Как примирить все это с социалистическим учением?»

А это и есть ортодоксальное социалистическое (коммунистическое) учение.

«Сколько раз, и в статьях, и в переписке Маркса-Энгельса мы встречаемся с утверждением, будто реакционность славян объясняется не одним их участием как солдат в подавлении немецких и венгерских восстаний; она им присуща “от природы”.  Славяне и тысячу лет тому назад были контрреволюционны, подобно тому как немцы и мадьяры были революционерами еще при Карлах Великих, при Фридрихах Барбароссах.  Энгельс так и говорит: “В Австрии, за исключением Польши и Италии, немцы и мадьяры в 1848 году, как и вообще в продолжение последнего тысячелетия, взяли историческую инициативу в свои руки.  Они - представители революции.  Южные славяне, уже тысячу лет тому назад взятые на буксир немцами и мадьярами, только для того поднялись в 1848 году на борьбу за восстановление своей национальнойнезависимости, чтобы тем самым одновременно подавить немецко-венгерскую революцию.  Они - представители контрреволюции”.  Их с одинаковым возмущением упрекали в двух взаимно исключающих друг друга грехах: в том, что они стоят не за революцию, а за Габсбургов, и в том, что устраивают восстания против Австрийской империи.  Читателям так и не объясняют, каким образом можно соединить верность Габсбургам со стремлением выйти из-под их власти.  Не объясняют и другое: почему венгры, захотевшие отделиться от Австрии, сохранили репутацию революционеров, а славяне за такое же точно намерение предаются анафеме.  С ними обещают свести счеты после революции.  “Кровавой местью отплатят славянским варварам, - грозит Энгельс, имея в виду победу революционной стихии, - всеобщая война, которая тогда вспыхнет, рассеет этот славянский Зондербунд и сотрет с лица земли даже имя этих упрямых маленьких наций”».

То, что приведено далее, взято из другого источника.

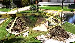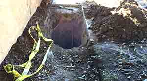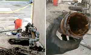 In response to backed up sewer lines in the 16542 Blackbeard building, a six foot deep by six wide hole was excavated in the sidewalk. Scott English Plumbing was able to get the sewer line open quickly. But the next day, it backed up again. Using a video camera they ran from the Blackbeard building, they located plant roots intruding into the pipes. Excavating for a couple of days down to more than six feet , they located the failing sewer pipes. Broken and shattered by roots, the pipes had not been properly glued when installed. They rebuilt the line and have added some cleanout traps to the lines to improve efficiency if this problem occurs again. Located buried at the same depth as the failing pipes was a crushed Core Beer can. Go figure.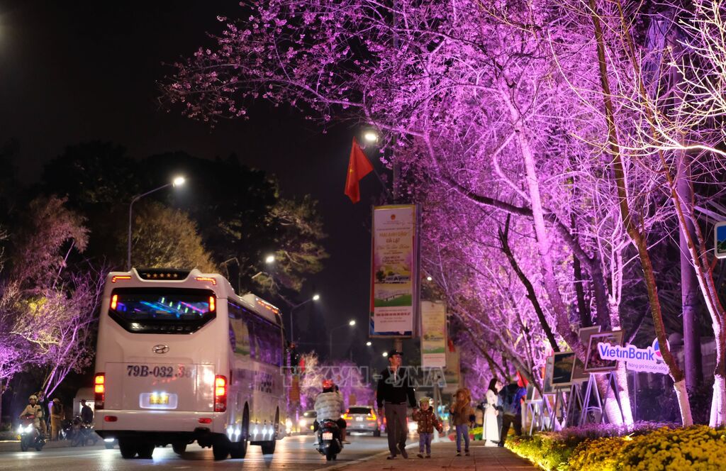 Không gian “Đường hoa ánh sáng, nghệ thuật” được bố trí dọc hai bên đường Trần Hưng Đạo dài khoảng 2km với hàng hoa mai anh đào đang bung nở rực rỡ.
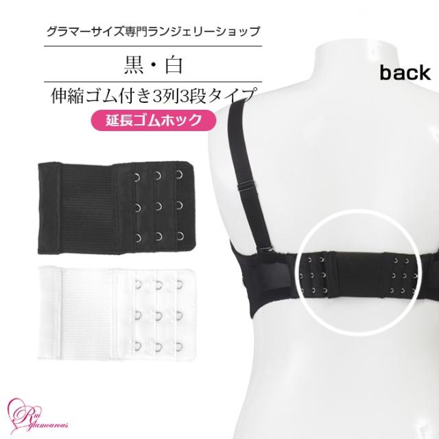 【商品特徴】大きいサイズ ブラジャー グラマーサイズ 延長ホック 伸縮ゴム 3列3段 黒 白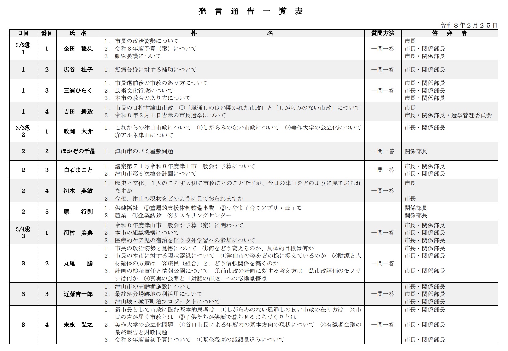 本日、早速に質問順も決定しています。今回は新市長の就任直後であり、先だっても書いたように予算案が骨格で示されていることから…平時の3月議会と比べると、あまり突っ込んだ質問がしづらいという事情があると思います。それゆえか、今回は質問に立つ議員の数がいつもより少なく、質問戦は3日間で終わる予定になっています。私自身を含めて質問通告を見てみても、どんな質問が展開されるのかは、イメージしづらいとは思いますし、何なのこの質問…って思ってしまうような通告内容もあるようなないような気がしますが、気のせいでしょう。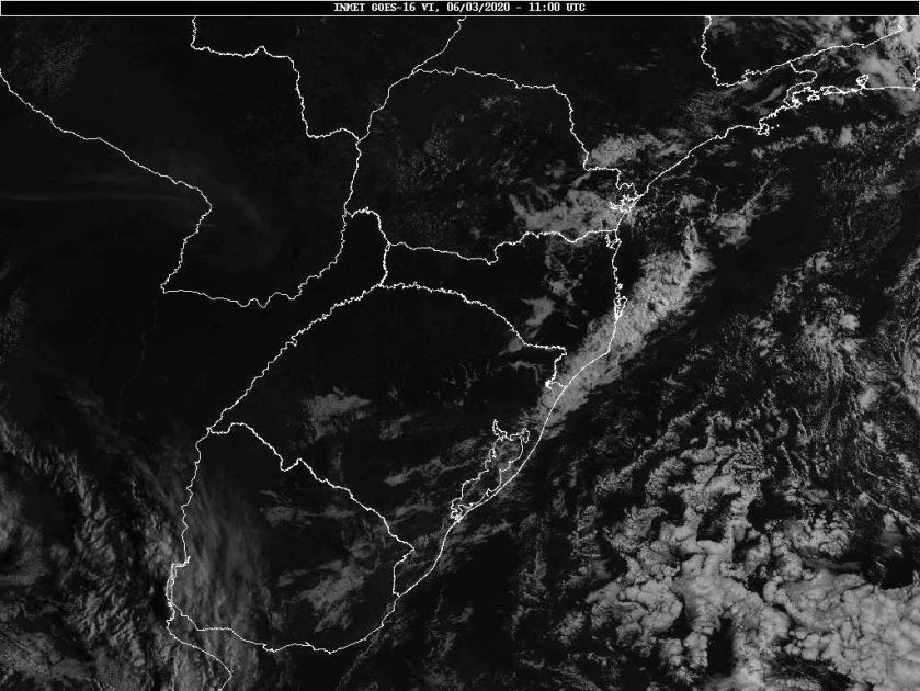 Hoje temos um sistema de baixa pressão sobre o oceano, na altura de Santa Catarina, e um anticiclone na altura da Argentina. Esses dois sistemas atuam sobre a circulação marítima, e assim, sobre a cobertura de nuvens. O fim de semana será de bons períodos de sol. Nos momentos de maior nebulosidade, alguma chance de chuva fraca e bem isolada, geralmente na madrugada ou noite. Observe a imagem de satélite desse início de manhã nebulosidade concentrada junto ao litoral centro-sul devido a circulação marítima.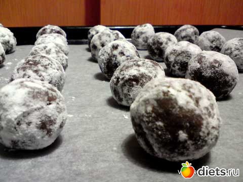 Каждый из них обваливаем в сахарной пудре и выкладываем на противень, накрытый пергаментной бумагой. Только не забудьте оставить между шариками расстояние, поскольку трюфельное печенье при нагревании слегка расплющится.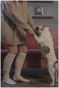 A woman in a brown sweater dances with her French bulldog in a cozy home setting, showcasing a playful bond.

«Англичане беспощадно подавляли все ирландские восстания, пруссаки подавили дрезденское восстание, австрийцы задушили освободительные восстания чехов, итальянцев, венгров, тем не менее, ни англичане, ни обожаемые немцы не отнесены к нациям реакционным.  Маркс-Энгельс могли поругивать Виндишгреца, Радецкого, но состоявших под их командой немцев ни в одном контрреволюционном грехе не заподозрили.  Чехи же, хотя и подняли восстание и героически сражались на баррикадах, - реакционны.  Реакционны как раз потому, что восстали, ибо восстали против немцев - избранного революционного народа.  В те самые дни, когда на улицах Праги лилась кровь, оба друга писали в “Новой Рейнской Газете”, что хотя им по-человечески и жаль чехов, но победят они или потерпят поражение, их национальная гибель, во всяком случае, неизбежна”.  По их словам, в той великой борьбе между реакционным Востоком и революционным Западом Европы, что должна разразиться всего, может быть, через несколько недель, восстание чехов против немцев ставит их на сторону русских - на сторону деспотизма против революции.  “Но революция победит, - угрожали они, - и чехи окажутся первыми жертвами угнетения с ее стороны”.  Чехам, таким образом, нет спасения: если их не добьет и не достреляет князь Виндишгрец, то добьет и достреляет Карл Маркс на другой день после победы революции.  Они обязаны исчезнуть как национальность, потому что имели несчастье попасть в разряд народов “неисторических”»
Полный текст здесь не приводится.